The WordPress REST API allows external applications, mobile clients, and JavaScript front-ends to read and write site data using standard HTTP methods and JSON payloads, without requiring direct database access or server-side PHP rendering. Core REST API routes cover posts, pages, categories, users, and media, but every custom plugin or theme data model — project portfolios, event listings, testimonials — needs a dedicated endpoint registered with register_rest_route(). Custom endpoints should always define a permission_callback — registering a route without one causes WordPress 5.5+ to issue a deprecation notice and future versions may block unauthenticated access by default. Authentication for write operations uses Application Passwords (introduced in WordPress 5.6), cookie nonces for browser JavaScript on the same domain, or a plugin such as JWT Authentication for third-party API clients. Pagination in REST API responses follows the standard WordPress pattern: WP_REST_Request provides page and per_page parameters that map directly to WP_Query‘s paged and posts_per_page arguments. Response headers X-WP-Total and X-WP-TotalPages tell the client how many records and pages exist, allowing cursor-based pagination without a separate count query. Schema declaration via the args key of register_rest_route() validates and sanitizes parameters automatically before the callback runs, removing the need for manual sanitize_text_field() calls inside the handler.
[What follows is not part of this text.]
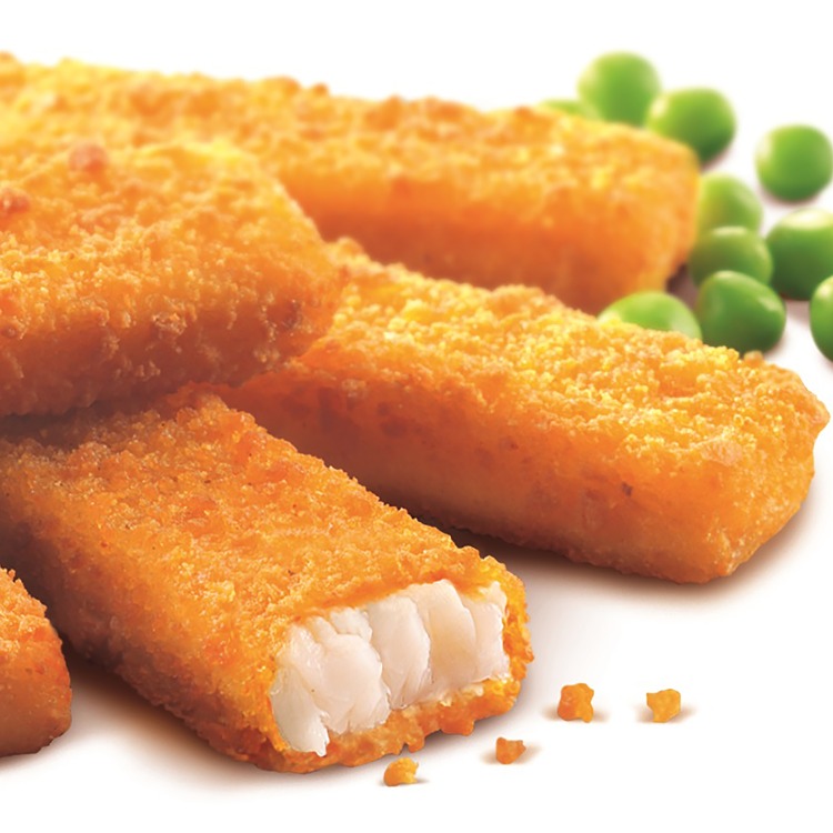 Alaskanseiti* (KALA) 58 % (*Gadus chalcogrammus*), korppujauho (VEHNÄJAUHO, vesi, mausteet (paprika, kurkuma), hiiva), rapsiöljy, vesi, VEHNÄJAUHO, perunatärkkelys, suola, KALAÖLJY (anjovis (KALA), sardiini (KALA)). *Pyydetty koilliselta tai luoteiselta Tyyneltämereltä. *Tämä tuote on peräisin kalakannasta, jonka kalastukselle riippumaton arvioija on myöntänyt MSC:n sertifikaatin hyvin hoidetusta ja kestävän kehityksen periaatteiden mukaisesta pyynnistä. www.msc.org/fi

The rest_prepare_{post_type} filter modifies response objects for existing core routes without re-registering them — useful for adding computed fields like reading time or formatted date to every post response. The nonce and input sanitization post covers the same security principles applied to REST API permission callbacks and parameter validation. The custom post type registration post shows how to register the portfolio CPT that the endpoint below exposes. Cache REST API responses with a short transient when the data changes infrequently — the Transient API integrates seamlessly with the REST API callback pattern.
Problem: WordPress custom post type data is not exposed through the REST API by default, requiring JavaScript front-ends and external integrations to fall back to admin-ajax.php handlers that lack schema validation, standardised pagination, and built-in authentication support.
Solution: Register a namespaced REST API route with register_rest_route() that declares parameter schema for automatic validation, enforces capability checks in permission_callback, and returns paginated results with X-WP-Total headers.
add_action('rest_api_init', function() {
register_rest_route('myplugin/v1', '/portfolio', [
'methods' => WP_REST_Server::READABLE,
'callback' => 'myplugin_get_portfolio',
'permission_callback' => '__return_true', // public read; change for private data
'args' => [
'page' => ['sanitize_callback' => 'absint', 'default' => 1],
'per_page' => [
'sanitize_callback' => 'absint',
'default' => 10,
'validate_callback' => function($v) { return $v >= 1 && $v <= 50; },
],
'category' => ['sanitize_callback' => 'sanitize_text_field', 'default' => ''],
],
]);
});
function myplugin_get_portfolio(WP_REST_Request $request): WP_REST_Response {
$args = [
'post_type' => 'portfolio',
'post_status' => 'publish',
'posts_per_page' => $request->get_param('per_page'),
'paged' => $request->get_param('page'),
];
$category = $request->get_param('category');
if ($category) {
$args['tax_query'] = [[
'taxonomy' => 'project_type',
'field' => 'slug',
'terms' => $category,
]];
}
$query = new WP_Query($args);
$items = array_map(function(WP_Post $p): array {
return [
'id' => $p->ID,
'title' => get_the_title($p),
'url' => get_permalink($p),
'thumbnail' => get_the_post_thumbnail_url($p, 'medium'),
'excerpt' => get_the_excerpt($p),
];
}, $query->posts);
$response = new WP_REST_Response($items, 200);
$response->header('X-WP-Total', $query->found_posts);
$response->header('X-WP-TotalPages', $query->max_num_pages);
return $response;
}NOTE: Never use __return_true as permission_callback for write endpoints — replace it with function() { return current_user_can('edit_posts'); } or a capability check appropriate to the operation. Unauthenticated write access to the REST API exposes the site to content injection and data tampering.